When no bush of the field was yet in the land and no small plant of the field had yet sprung up—for the Lord God had not caused it to rain on the land, and there was no man to work the ground, and a mist was going up from the land and was watering the whole face of the ground— then the Lord God formed the man of dust from the ground and breathed into his nostrils the breath of life, and the man became a living creature.

Meditation

What are the most important things in your life? Now I want you to think seriously about that, don’t just give cliché answers to yourself. Really think – what are the things, in your heart of hearts, that you treasure the most in your life? Is it the work you do? It it the things you have? Is it the hopes that you’re looking forward to? Is it the people you love? Life is a gift. Life is precious. We are launching into the narrative of Eden in these studies, and the theme of life is very much front and centre here. We’ve already seen that God is the author of the story and of history, it is “his-story”, the story that he is telling, and it is the story in which we find ourselves to be characters, so to speak.
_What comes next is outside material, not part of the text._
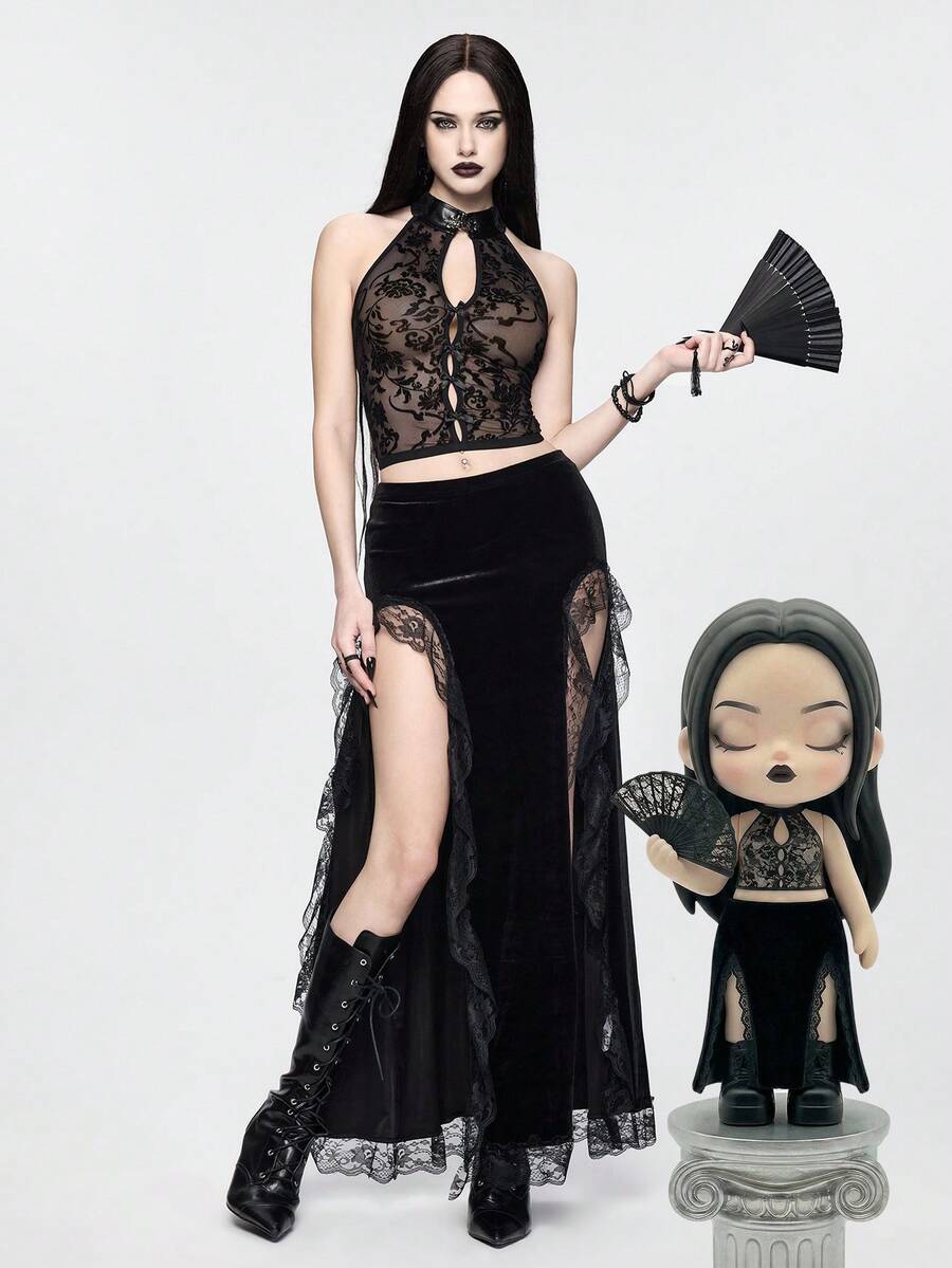 Gothic Floral Flocked Mandarin Collar Fitted Vest

Now when we write our stories, our characters are just that: they are made up stories. They are reflections of ourselves. But in God’s story, he writes with living characters. People created in his image. Whereas we write on paper, he writes on pages of earth and stone, of flesh and blood. He writes with living words, and above all his story is about THE living word. Because as we see in scripture, God himself stepped in to the story. As the Word became flesh, and Jesus Christ, the Son of God, walked upon the earth. But at this point in our studies, we’re still at the very start of the story. So God is the author, but the question remains: what’s going to happen? That’s what we want to know in any story isn’t it? What’s going to happen?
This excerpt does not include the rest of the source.